In principle, minimization of partial volume effect in medical images is desirable because it obscures the image and consequently, may hinder an accurate diagnosis. Therefore, higher resolution medical imaging systems are being developed. Some authors reported the usefulness of high-resolution CT for accurate diagnosis of lung disease nearly 20 years ago.[ IMBIM may be useful not only for PET, but also for other medical imaging techniques, such as CT, MRI, ultrasound, and single photon emission CT. Establishment of high-resolution medical imaging systems which effectively diminish partial volume effect and enable better detection of small abnormalities would improve the accuracy of disease diagnosis at earlier stages, as well as their prognosis. Notably, IMBIM can be applied to all types of digital images because its algorithm is not dependent on features specific to PET images. Since digital imaging is becoming more popular world-wide, IMBIM may be expected to be used for various types of image processing technology in future.

In SBIM, weight parameters are calculated by distance, in which X and Y directions are separately computed. This calculation is advantageous for generating images with structures that have acute angles. On the other hand, some structural corners might be rounded by IMBIM. However, most structures in human PET images have no acute angle. Therefore, only distance was used to calculate weight parameters in IMBIM.

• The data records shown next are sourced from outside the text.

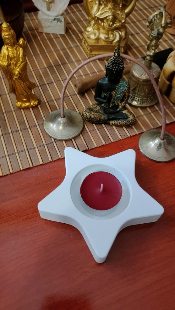 - Este un suport simplu și frumos de lumânare care seamănă privit de sus cu o stea ce are 5 raze.
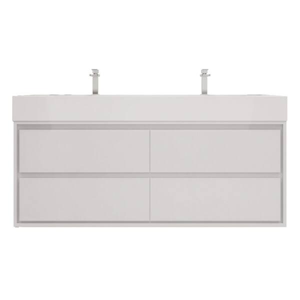 Saggie 59 in. W. x 20 in. D x 28 in. H Double Sink Floating Bath Vanity in Gloss White with White Acrylic Top
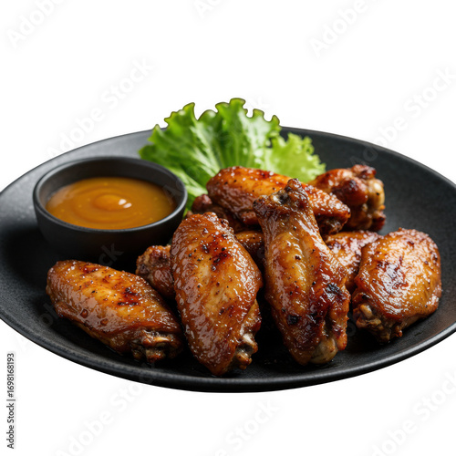 Delicious chicken wings with sauce on plate isolated on transparent background
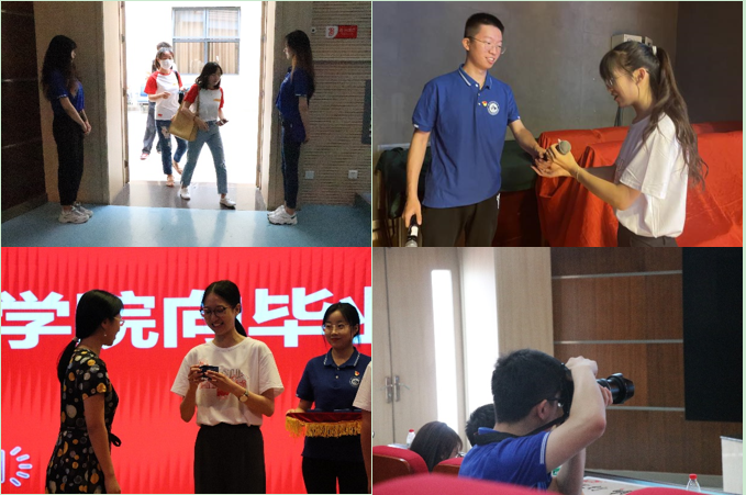 典礼开始后,同志们各司其职,分别在剧场门口引导学生入座在中控室播放毕业典礼的相关视频及资料在后台为表演人员递送演出用具、协助老师们颁发奖品在会场内拍摄活动照片......为典礼的顺利进行保驾护航。
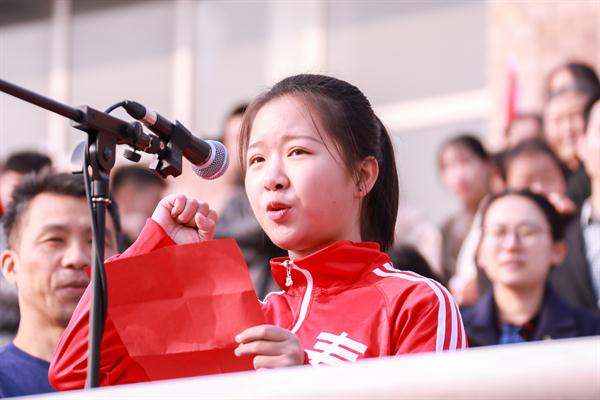 17级音乐系李响同学作为学生代表发言:“严格遵守比赛规则,严格保证赛场纪律,服从裁判,尊重对手,发扬拼搏精神,胜不娇,败不馁,发挥出最好成绩,祝本届运动会圆满成功!”

Actually, the area of each abnormal lesion is increased with IMBIM (Figs. 1 and 4). Overestimation of the area of lesion might be concerned, however, the measurement of the lesion size is usually performed on CT, not on PET. Moreover, IMBIM estimates the pixel value through multiple repeats of calculations, thereby the over-correction should be re-corrected in the next calculation, and be minimized.

Several limitations of the current study should be noted. First, this was a retrospective study limited to a single institution. In principle, IMBIM can be performed in most circumstances and does not depend on a PET/CT scanner, a tracer, patient profile, or conditions. However, multicenter randomized trials are needed to confirm the effect using IMBIM. Second, we were not able to compare high-resolution images obtained using IMBIM with real high-resolution images obtained using high-resolution hardware, such as semiconductor PET. Third, IMBIM improved contrast of image as mentioned, thereby false-positive lesion might be appeared as a result of amplified noise. But any false-positive lesion was not found in this study, because the PET images generated with IMBIM were interpreted not only on PET images but also on PET/CT fusion images, as a result, the amplified noise could be distinguished.

Conclusion

In conclusion, IMBIM generates high-resolution and -contrast images, which may facilitate more accurate diagnoses in clinical practice.